▶ **PROBLEM**:
Reproduce the records below in their entirety, character for character.

▶ **RECORDS FOR THE EXERCISE**:

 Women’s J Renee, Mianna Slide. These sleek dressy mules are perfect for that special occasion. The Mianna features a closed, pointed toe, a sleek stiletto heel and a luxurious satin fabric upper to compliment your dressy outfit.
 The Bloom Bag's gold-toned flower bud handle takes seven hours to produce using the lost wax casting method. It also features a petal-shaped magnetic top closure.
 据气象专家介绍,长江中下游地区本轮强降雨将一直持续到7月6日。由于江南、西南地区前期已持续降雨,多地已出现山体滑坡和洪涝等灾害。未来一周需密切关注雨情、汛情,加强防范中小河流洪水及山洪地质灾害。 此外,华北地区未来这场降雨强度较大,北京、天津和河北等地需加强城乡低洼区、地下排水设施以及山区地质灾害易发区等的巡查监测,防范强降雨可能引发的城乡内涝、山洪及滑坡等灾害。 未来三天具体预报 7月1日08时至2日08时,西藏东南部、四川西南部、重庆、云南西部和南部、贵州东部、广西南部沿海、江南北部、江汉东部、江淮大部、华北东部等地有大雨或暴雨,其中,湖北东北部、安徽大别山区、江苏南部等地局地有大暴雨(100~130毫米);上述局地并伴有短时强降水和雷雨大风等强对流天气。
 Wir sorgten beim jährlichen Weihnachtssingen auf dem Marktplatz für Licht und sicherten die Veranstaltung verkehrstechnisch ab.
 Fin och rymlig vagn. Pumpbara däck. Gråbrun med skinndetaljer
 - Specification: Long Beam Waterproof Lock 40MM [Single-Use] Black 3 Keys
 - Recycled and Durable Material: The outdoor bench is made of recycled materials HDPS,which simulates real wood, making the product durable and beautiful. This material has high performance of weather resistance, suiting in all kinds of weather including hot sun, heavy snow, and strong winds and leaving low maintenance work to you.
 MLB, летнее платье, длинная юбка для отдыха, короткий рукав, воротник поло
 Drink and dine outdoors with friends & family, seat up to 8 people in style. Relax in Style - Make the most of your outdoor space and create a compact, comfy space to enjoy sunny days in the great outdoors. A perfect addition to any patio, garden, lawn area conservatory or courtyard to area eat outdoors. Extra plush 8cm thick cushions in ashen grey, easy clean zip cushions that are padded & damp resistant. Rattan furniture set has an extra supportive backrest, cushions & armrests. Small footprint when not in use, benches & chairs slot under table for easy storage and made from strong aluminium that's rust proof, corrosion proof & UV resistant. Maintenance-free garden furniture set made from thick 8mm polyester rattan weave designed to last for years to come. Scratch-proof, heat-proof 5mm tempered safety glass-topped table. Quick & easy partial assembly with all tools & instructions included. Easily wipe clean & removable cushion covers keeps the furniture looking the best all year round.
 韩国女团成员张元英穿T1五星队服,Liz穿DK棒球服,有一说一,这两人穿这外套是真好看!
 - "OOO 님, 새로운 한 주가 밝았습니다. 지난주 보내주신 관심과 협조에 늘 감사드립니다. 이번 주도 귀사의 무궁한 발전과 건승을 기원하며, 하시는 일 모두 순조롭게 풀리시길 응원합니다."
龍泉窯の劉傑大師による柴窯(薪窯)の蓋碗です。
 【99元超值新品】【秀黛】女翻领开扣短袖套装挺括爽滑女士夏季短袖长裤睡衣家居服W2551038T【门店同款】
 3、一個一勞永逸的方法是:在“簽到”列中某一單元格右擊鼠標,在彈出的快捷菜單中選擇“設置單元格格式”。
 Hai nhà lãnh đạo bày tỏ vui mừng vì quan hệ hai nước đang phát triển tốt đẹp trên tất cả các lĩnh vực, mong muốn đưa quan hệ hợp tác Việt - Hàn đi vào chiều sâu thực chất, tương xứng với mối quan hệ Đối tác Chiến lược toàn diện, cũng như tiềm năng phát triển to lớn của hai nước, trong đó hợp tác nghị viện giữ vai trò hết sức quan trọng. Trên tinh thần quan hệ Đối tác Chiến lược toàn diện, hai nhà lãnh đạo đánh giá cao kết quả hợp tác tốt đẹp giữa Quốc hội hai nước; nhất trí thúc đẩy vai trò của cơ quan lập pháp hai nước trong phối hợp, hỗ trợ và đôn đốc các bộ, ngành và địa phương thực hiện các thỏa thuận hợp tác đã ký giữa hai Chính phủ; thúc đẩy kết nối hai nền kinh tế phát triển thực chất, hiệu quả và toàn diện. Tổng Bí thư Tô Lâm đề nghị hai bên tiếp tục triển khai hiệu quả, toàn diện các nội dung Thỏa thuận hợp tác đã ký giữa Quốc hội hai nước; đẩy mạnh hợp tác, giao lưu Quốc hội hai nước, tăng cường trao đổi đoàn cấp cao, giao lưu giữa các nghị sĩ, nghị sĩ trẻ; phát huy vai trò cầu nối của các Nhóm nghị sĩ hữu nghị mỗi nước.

▶ **REPLY TO THE TASK**:
 Women’s J Renee, Mianna Slide. These sleek dressy mules are perfect for that special occasion. The Mianna features a closed, pointed toe, a sleek stiletto heel and a luxurious satin fabric upper to compliment your dressy outfit.
 The Bloom Bag's gold-toned flower bud handle takes seven hours to produce using the lost wax casting method. It also features a petal-shaped magnetic top closure.
 据气象专家介绍,长江中下游地区本轮强降雨将一直持续到7月6日。由于江南、西南地区前期已持续降雨,多地已出现山体滑坡和洪涝等灾害。未来一周需密切关注雨情、汛情,加强防范中小河流洪水及山洪地质灾害。 此外,华北地区未来这场降雨强度较大,北京、天津和河北等地需加强城乡低洼区、地下排水设施以及山区地质灾害易发区等的巡查监测,防范强降雨可能引发的城乡内涝、山洪及滑坡等灾害。 未来三天具体预报 7月1日08时至2日08时,西藏东南部、四川西南部、重庆、云南西部和南部、贵州东部、广西南部沿海、江南北部、江汉东部、江淮大部、华北东部等地有大雨或暴雨,其中,湖北东北部、安徽大别山区、江苏南部等地局地有大暴雨(100~130毫米);上述局地并伴有短时强降水和雷雨大风等强对流天气。
 Wir sorgten beim jährlichen Weihnachtssingen auf dem Marktplatz für Licht und sicherten die Veranstaltung verkehrstechnisch ab.
 Fin och rymlig vagn. Pumpbara däck. Gråbrun med skinndetaljer
 - Specification: Long Beam Waterproof Lock 40MM [Single-Use] Black 3 Keys
 - Recycled and Durable Material: The outdoor bench is made of recycled materials HDPS,which simulates real wood, making the product durable and beautiful. This material has high performance of weather resistance, suiting in all kinds of weather including hot sun, heavy snow, and strong winds and leaving low maintenance work to you.
 MLB, летнее платье, длинная юбка для отдыха, короткий рукав, воротник поло
 Drink and dine outdoors with friends & family, seat up to 8 people in style. Relax in Style - Make the most of your outdoor space and create a compact, comfy space to enjoy sunny days in the great outdoors. A perfect addition to any patio, garden, lawn area conservatory or courtyard to area eat outdoors. Extra plush 8cm thick cushions in ashen grey, easy clean zip cushions that are padded & damp resistant. Rattan furniture set has an extra supportive backrest, cushions & armrests. Small footprint when not in use, benches & chairs slot under table for easy storage and made from strong aluminium that's rust proof, corrosion proof & UV resistant. Maintenance-free garden furniture set made from thick 8mm polyester rattan weave designed to last for years to come. Scratch-proof, heat-proof 5mm tempered safety glass-topped table. Quick & easy partial assembly with all tools & instructions included. Easily wipe clean & removable cushion covers keeps the furniture looking the best all year round.
 韩国女团成员张元英穿T1五星队服,Liz穿DK棒球服,有一说一,这两人穿这外套是真好看!
 - "OOO 님, 새로운 한 주가 밝았습니다. 지난주 보내주신 관심과 협조에 늘 감사드립니다. 이번 주도 귀사의 무궁한 발전과 건승을 기원하며, 하시는 일 모두 순조롭게 풀리시길 응원합니다."
龍泉窯の劉傑大師による柴窯(薪窯)の蓋碗です。
 【99元超值新品】【秀黛】女翻领开扣短袖套装挺括爽滑女士夏季短袖长裤睡衣家居服W2551038T【门店同款】
 3、一個一勞永逸的方法是:在“簽到”列中某一單元格右擊鼠標,在彈出的快捷菜單中選擇“設置單元格格式”。
 Hai nhà lãnh đạo bày tỏ vui mừng vì quan hệ hai nước đang phát triển tốt đẹp trên tất cả các lĩnh vực, mong muốn đưa quan hệ hợp tác Việt - Hàn đi vào chiều sâu thực chất, tương xứng với mối quan hệ Đối tác Chiến lược toàn diện, cũng như tiềm năng phát triển to lớn của hai nước, trong đó hợp tác nghị viện giữ vai trò hết sức quan trọng. Trên tinh thần quan hệ Đối tác Chiến lược toàn diện, hai nhà lãnh đạo đánh giá cao kết quả hợp tác tốt đẹp giữa Quốc hội hai nước; nhất trí thúc đẩy vai trò của cơ quan lập pháp hai nước trong phối hợp, hỗ trợ và đôn đốc các bộ, ngành và địa phương thực hiện các thỏa thuận hợp tác đã ký giữa hai Chính phủ; thúc đẩy kết nối hai nền kinh tế phát triển thực chất, hiệu quả và toàn diện. Tổng Bí thư Tô Lâm đề nghị hai bên tiếp tục triển khai hiệu quả, toàn diện các nội dung Thỏa thuận hợp tác đã ký giữa Quốc hội hai nước; đẩy mạnh hợp tác, giao lưu Quốc hội hai nước, tăng cường trao đổi đoàn cấp cao, giao lưu giữa các nghị sĩ, nghị sĩ trẻ; phát huy vai trò cầu nối của các Nhóm nghị sĩ hữu nghị mỗi nước.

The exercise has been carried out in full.